Trotz eines Bündels von Sicherheitsmaßnahmen gibt es keinen hundertprozentigen Schutz vor Übergriffen.

shz.de von
erstellt am 03.Sep.2014 | 10:20 Uhr

Nach den tödlichen Schüssen auf einen Rendsburger Finanzbeamten erklärte Innenminister Andreas Breitner gestern, die Sicherheit in den Behörden gehöre auf den Prüfstand. Das Flensburger Tageblatt hat sich deshalb bei den Ämtern der Stadt umgehört, wie häufig Übergriffe auf die Mitarbeiter vorkommen – und welche Schutzmaßnahmen es gibt.

Für das Flensburger Finanzamt werden Übergriffe nicht katalogisiert, gibt Eugen Witte Auskunft, Sprecher des Finanzministeriums in Kiel. Besonders kritisch seien Bereiche wie Steuerfahndungs- oder Bußgeldstelle. Wo Publikumsverkehr herrscht, könne über Alarmknöpfe Hilfe angefordert werden.

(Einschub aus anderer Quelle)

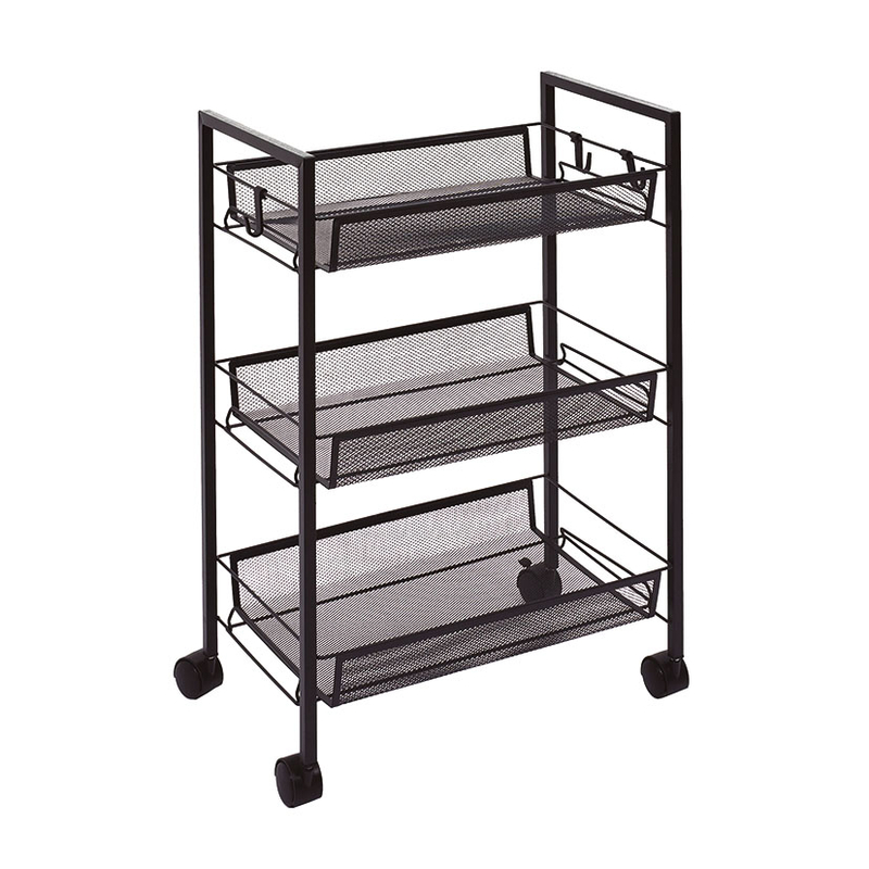 Este carro auxiliar está fabricado en metal pintado en color negro. Tiene un diseño moderno que encajará perfectamente con tu decoración. Lo puedes mover fácilmente gracias a las ruedas que lleva incoporadas. Dispone de 3 compartimentos en diferentes alturas. Lo puedes transportar fácilmente y llevarlo allá donde lo necesites.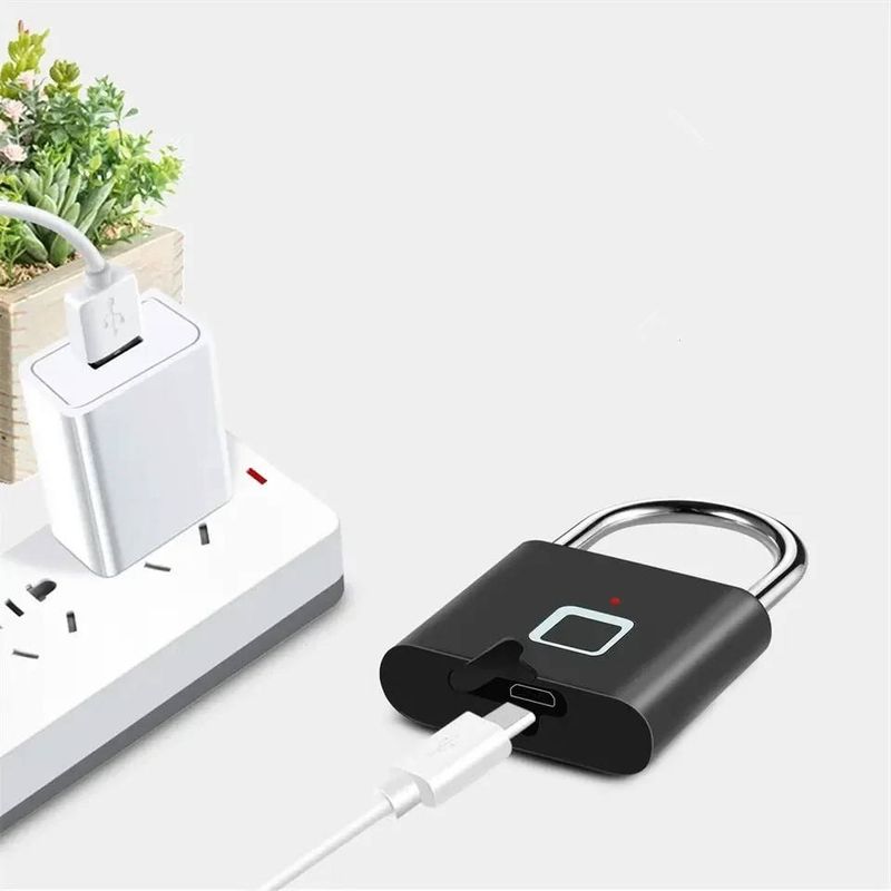 Smart Home Keyless USB Charging Fingerprint Lock Smart Padlock Waterproof Door Lock Portable Anti-Theft Padlock with Unlocking Function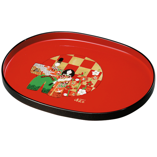 紀州塗り 尺寸 小判盆 朱 格子雛 ひな祭り お盆 トレー 和雑貨 名入れ可 ギフト プレゼント 初節句 おぼん トレイ 日本製 k_name

Nur ganz wenige kritische Situationen gibt es laut Pressesprecher Clemens Teschendorf im Flensburger Rathaus. Höchstens, wenn es um Bußgelder oder zurückgewiesene Anträge gehe, würden einige Kunden verbal ausfallend. „In solchen Bereichen arbeiten wir zum Beispiel mit Notrufeinrichtungen, damit die Kollegen zur Hilfe gerufen werden können“, sagt Teschendorf. Bewusst gäbe es im Rathaus keine Sicherheitsschleusen wie im Gericht oder am Flughafen: „Die Menschen müssen ihre Anliegen vorbringen können, ohne den Eindruck zu bekommen, in einen Sicherheitsbereich einzudringen.“ Bis 2005 gab es noch einen Sicherheitsdienst im Rathaus. „Das war, bis das Jobcenter ausgelagert worden ist. Das ist der schwierigste Bereich.“

Was das konkret heißt, weiß Claudia Remark, Geschäftsführerin des Flensburger Jobcenters: „Seit 2005 hatten wir häufiger Fälle von verbaler Gewalt. Ein paar Mal ist es auch zu körperlicher Gewalt gekommen.“ So habe ein Kunde des Jobcenters einen Mitarbeiter geohrfeigt, ein anderer habe einen Gegenstand auf seinen Berater geworfen. Im Jobcenter geht es oft um die Existenz der Menschen. Wenn ein Mitarbeiter eine finanzielle Leistung nicht gewähren könne, führe das manchmal dazu, dass eine Situation eskaliere.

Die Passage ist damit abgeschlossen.